Please bear with me, this question is not going to be perfectly formed and/or may not have enough data for you to pin-point a cause. I am simply looking for ideas to continue solving this problem. Read as a horror story.
Problem Description
I have a C# program that interacts with an operator through button clicks, TCP/IP with a set of 4 barcode scanners, and some SQL. This is used in an somewhat-automated manufacturing setting. The barcode scanners come with a communications library to trigger barcode reading, as well as aggregate the data from 4 (or more) scanners into a single data stream to a client (my c# program). Each scanner provides the scanner ID as well as the scanned data, for example: 001:111111;004:444444;003:333333;002:222222.... 001, 004, 003 being the scanner's ID, while 111111, 222222, 333333, 444444 being the barcode data at those associated scanners.
I must apologize, you must be wondering why all these details but they come in play.
We run this program about 1000 times a day, mostly successfully. But at about 0.2% of the times, something unexpected happens.
Normal program flow (99.8%):
SQL Connection Open
User button press
Scanner trigger
Scanner returns data
SQL Operations (New code Registered)
Abnormal program flow (0.2%)
SQL Connection Open
User button press
Scanner trigger
Scanner returns incorrect data
SQL Operations
**Program rewinds back to start
SQL Connection Open
User button press bypassed
Scanner trigger bypassed
Scanner returns GOOD data
SQL Operations
Here is a captured sequence of events in log with bold comments:
SQL Connection Open.
K-----e Scanner LF Connect success? True
K-----e Scanner RF Connect success? True
K-----e Scanner LB Connect success? True
K-----e Scanner RB Connect success? True
New code Registered: 785889<=>819345 wrong data
New code Registered: 917890<=>481899 wrong data
New code Registered: 249447<=>999731 wrong data
New code Registered: 967082<=>386511 wrong data
New code Registered: 794079<=>772860 wrong data
New code Registered: 349467<=>421658 wrong data
New code Registered: 810132<=>525941 wrong data
New code Registered: 879309<=>105578 wrong data
SQL Connection Open. Rewind back to start of cycle, all without any user interaction
K-----e Scanner LF Connect success? True
K-----e Scanner RF Connect success? True
K-----e Scanner LB Connect success? True
K-----e Scanner RB Connect success? True
785889 is not unique. Data is good now, DB ops correctly since all scanned data was already inserted into DB
Already Exist 785889
819345 is not unique.
Already Exist 819345
917890 is not unique.
Already Exist 917890
525941 is not unique.
Already Exist 525941
249447 is not unique.
Already Exist 249447
105578 is not unique.
Already Exist 105578
967082 is not unique.
Already Exist 967082
481899 is not unique.
Already Exist 481899
794079 is not unique.
Already Exist 794079
421658 is not unique.
Already Exist 421658
349467 is not unique.
Already Exist 349467
772860 is not unique.
Already Exist 772860
810132 is not unique.
Already Exist 810132
386511 is not unique.
Already Exist 386511
879309 is not unique.
Already Exist 879309
999731 is not unique.
Already Exist 999731
Known Issues After debugging (which is difficult due to the 0.2% occurrence), the scanner communications library is implicated for the wrong (scrambled) data 001:222222;004:111111;003:222222;002:333333, etc.

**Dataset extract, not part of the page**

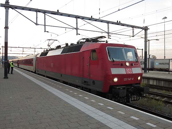 120 145 mit CNL 418 aus München und Zürich im Grenzbahnhof Venlo

I am concerned that the data is bad, but I am much more concerned about the program rewind.
Question What mechanism(s) or conditions could result in repeated code execution, triggered by an external library in C# windows form? How can I detect and trap such events?

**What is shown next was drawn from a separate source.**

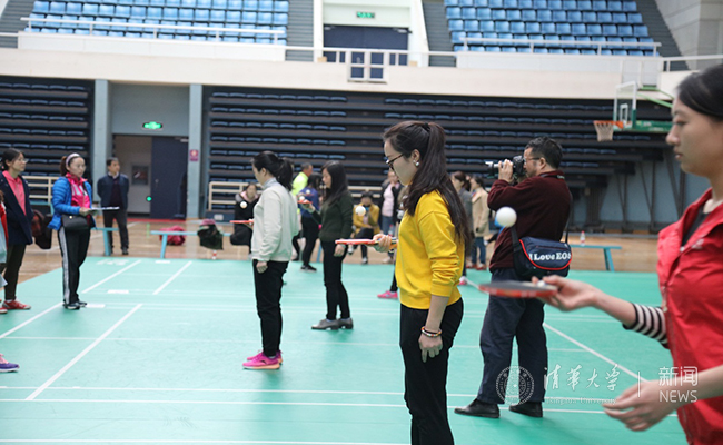 乒乓球趣味比赛是继跳绳、踢毽、健步走之后的又一次以健身为主题的“三·八”节庆祝活动,健身心跳中切磋、交流、叙旧,共勉一流清华,体现了清华的体育传统。共有来自50个分工会推荐的300多名女教职工选手参加比赛。

Conclusion My apologies for the long and incomplete description of this problem, I have included the information that I could gather in this question. It is certainly beyond normal to see this happen, and repeatedly. I hope to gather some information from your replies to help me further diagnose or fix this problem.
I have discussed this problem with my local scanner rep, but software libraries are provided as-is. These scanners are $10K each, but this is now a problem that I have to solve.
Here's one idea: The barcode scans are probably event-driven. If the events occur too closely to each other there's no guarantee that one will complete its query before the next event triggers a different query. There's an easy way to make the thread wait for an action to complete using a basic sychronization object in
System.Threading.SemaphoreSlim
.If an operation is already in progress, the new one won't begin until the first one completes and releases the semaphore. My suggestion would be to protect your critical sections in this manner and see it it helps.